[Leetcode 36] 119 Pascal's Triangle II

Problem:

Given an index k, return the kth row of the Pascal's triangle.

For example, given k = 3,
Return

[1,3,3,1]

.

Note:
Could you optimize your algorithm to use only O(k) extra space?

Analysis:

The direct way to solve the problem is to use the formula: C(i, k) = k! / (i! * (k-i)!).
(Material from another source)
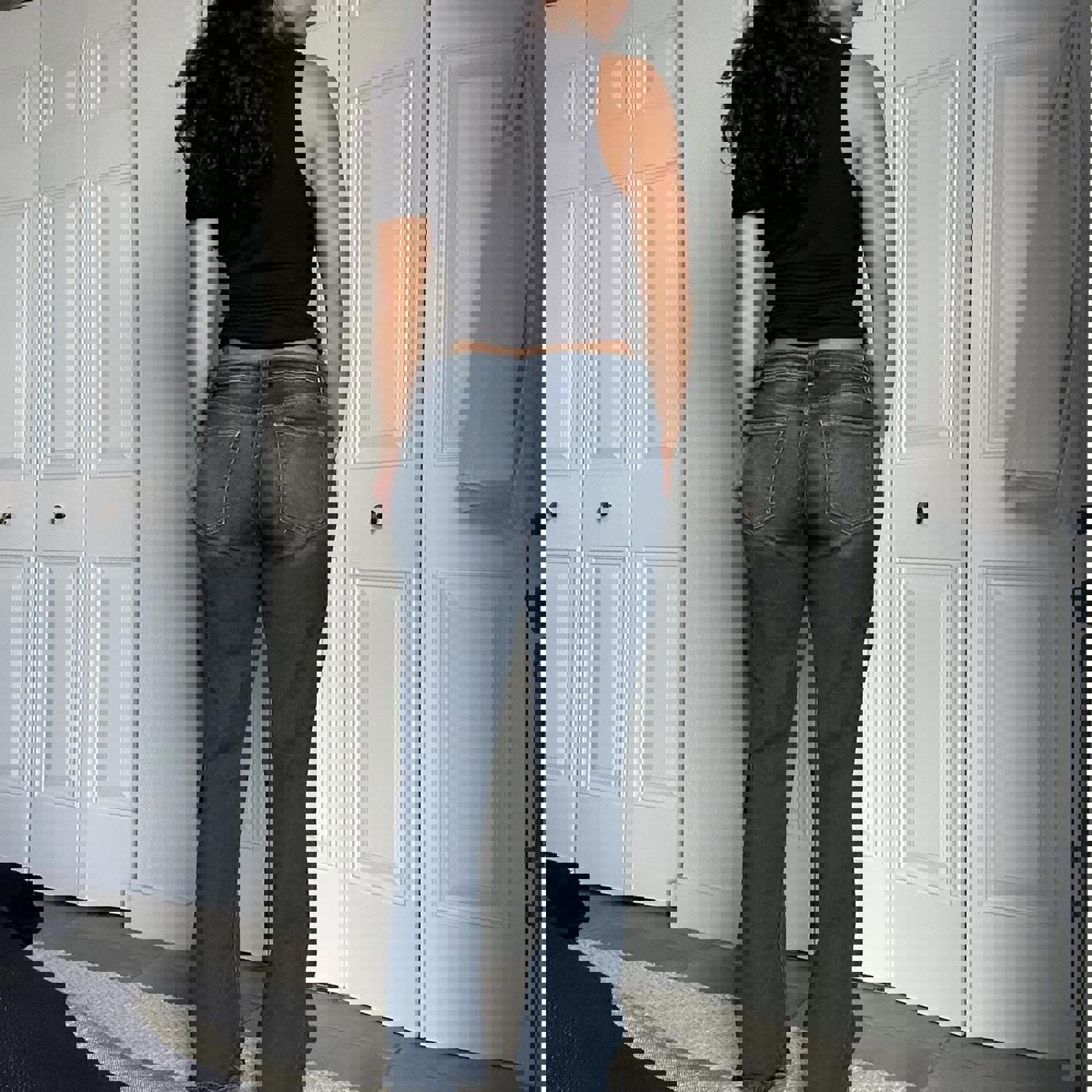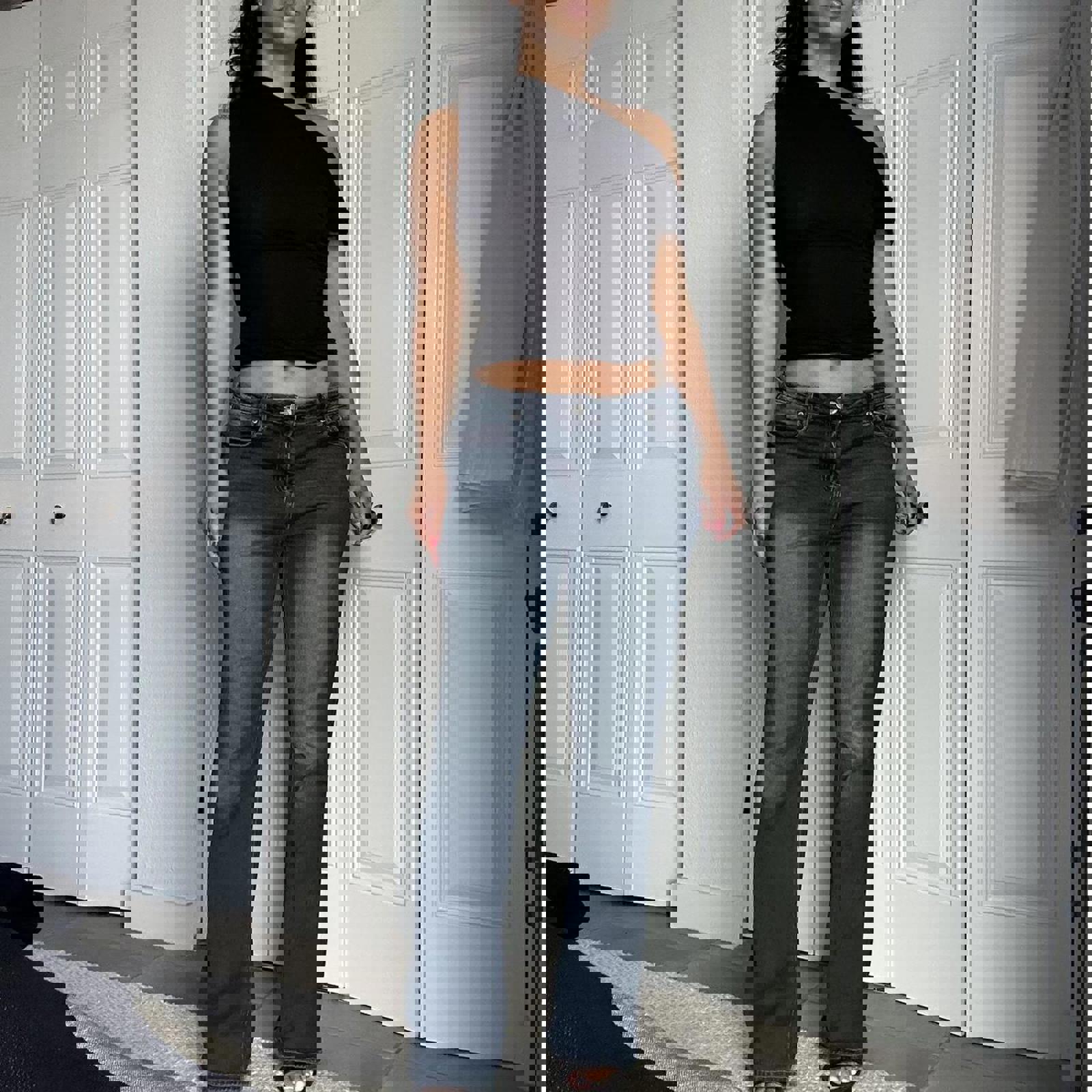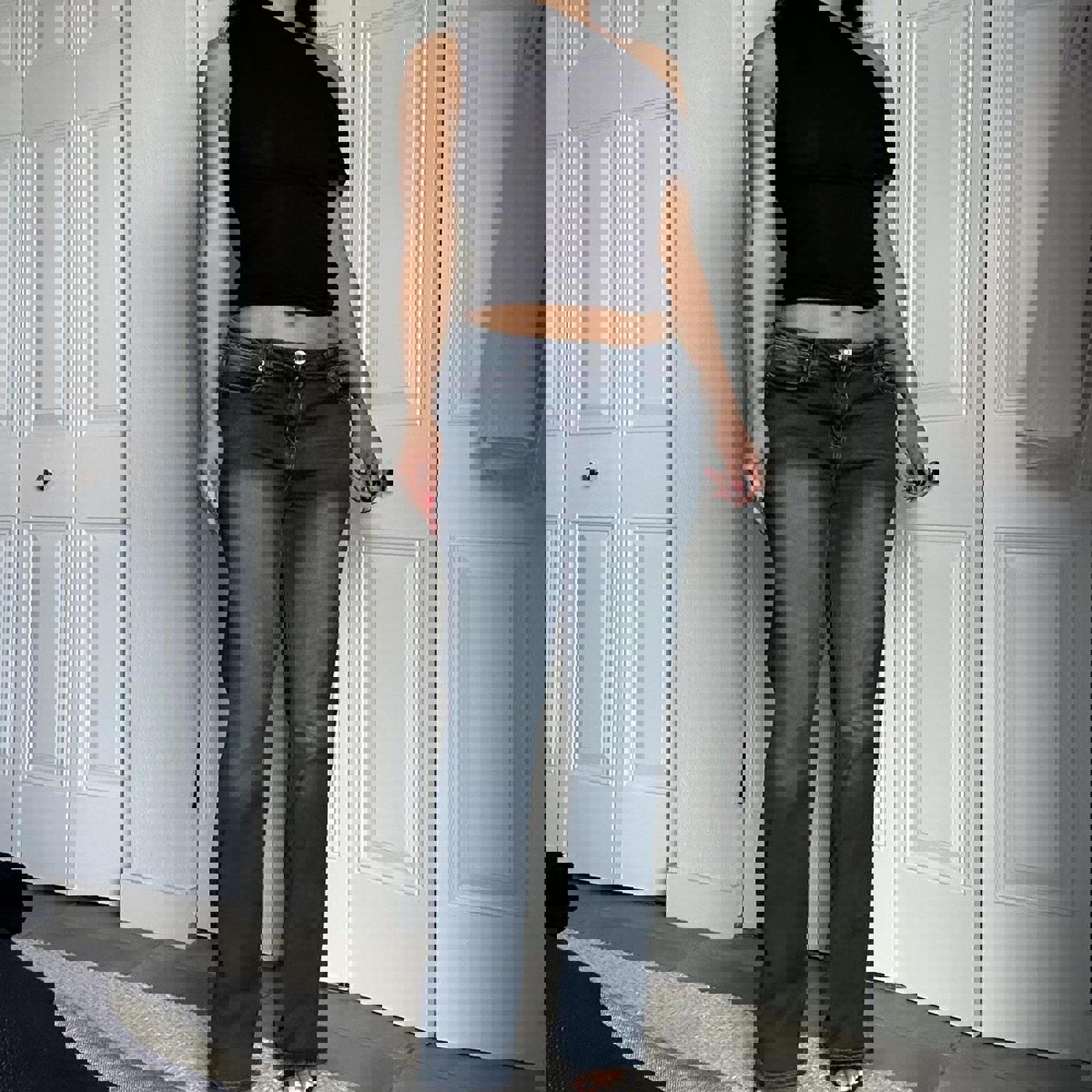 770. YMI dark denim straight leg jeans in perfect condition. No size listed. I would say they fit like a size 6. Measurements slung flat listed below.

But it will exceed the int number range if k is very large.

So we have to use the iterative way to construct the answer: to compute kth row, we first compute (k-1)th row and then use it to construct the desired row.

Code:

class Solution {
public:
vector<int> getRow(int rowIndex) {
vector<int> res;

res.push_back(1);
if (rowIndex == 0) return res;
res.push_back(1);
if (rowIndex == 1) return res;

for (int i=1; i<rowIndex; i++) {
vector<int> tmp;
tmp.push_back(1);
for (int j = 1; j <= i; j++) {
tmp.push_back(res[j-1] + res[j]);
}
tmp.push_back(1);

res = tmp;
}

return res;
}

};

View Code

Attention:

Notice to add a new element into tmp, use push_back, not [].

The inner loop's max value is i not rowIndex.